Örgütte son 1 yıldır ciddi bir “himmet krizi” yaşandığı açık açık yazılıyor.

ÖRGÜTÜ FBI’A ŞİKAYET ETTİLER

Türkyolu ve Özcan’ı bitiren en ağır cevap Prof. Dr. Elvan Aktaş’tan geldi. Aktaş, Cevdet’in açıkça yalan söylediğini yazıp, twitter’da ona cevaben “Gel yeminleşelim” teklifinde bulundu. Aktaş, borsa al-satçısı olmanın, ya da gelenlere nüfuzunu kullanarak teknolojik ürün satmanın oradan “def olmak için” yeter sebep olduğunu yazdı. Aktaş, örgütün Baş Yüceler ya da Âlî Heyet olarak tanımlanan “politbürosu” ile ilgili FBI’ya şikayette bulunduğunu açıklamış önemli bir isim.

FETÖ, PARALEL NURCULUK AĞACININ MEYVESİ

Neticede uydurdukları “paralel fıkıh”la her haramı helal eden FETÖ, “zirvesinden zırvasına kadar” teorik ve pratik açmaza girmiş durumda.

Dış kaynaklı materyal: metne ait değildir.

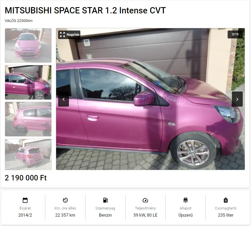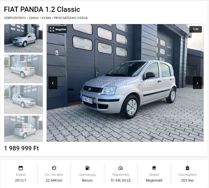 A bajnok leleplezése előtt érdemes egy fontos megjegyzést beszúrni. Hogyha a valóban legkevesebbet futott, lekövethető előéletű autókra hajtanál 3 millió forintból, akkor bizony 10-15 évesen, 10 és 30 ezer kilométer közötti futásteljesítménnyel gyakorlatilag az összes olcsó, fapados típusból választhatsz jelenleg Magyarországon. Korabeli Daciák, négyszemélyes Suzukik, Fiat Pandák, Renault Cliók, és még sorolhatnám. Bármelyikből beeshetett volna egy szerencsés vétel 3 millió alatt, kevesebb, mint 10 ezer bizonyítható kilométerrel, és megnyerhette volna a csatát.

Kendilerini “tavizsiz ehl-i sünnet” çizgide gören Nur talebeleri ne kadar kabul etmese de, FETÖ son tahlilde Nurculuk akımının en sıradışı “meyvesi”. Nurculuk, Said-i Nursi’nin vefatından sonra ümmetçi ve “şeriat” merkezli tavizsiz yapıdan milliyetçi, seküler ve pragmatist çizgiye “vekiller” eliyle kaydırıldı. Vatikan yetkilisi Thomas Michel, FETÖ başta olmak üzere yıllardır medyatik tüm nur hareketlerinin “guru”su ve beynelmilel “CEO”luğunu yapıyor. Öyle ki hem İstanbul grubu hem de Meşveret adı verilen yapı “Bir Hıristiyan Nur Talebesi” olarak tanımlanan Michel’e kendi dersanelerinde “teberrüken” ders yaptırabiliyor.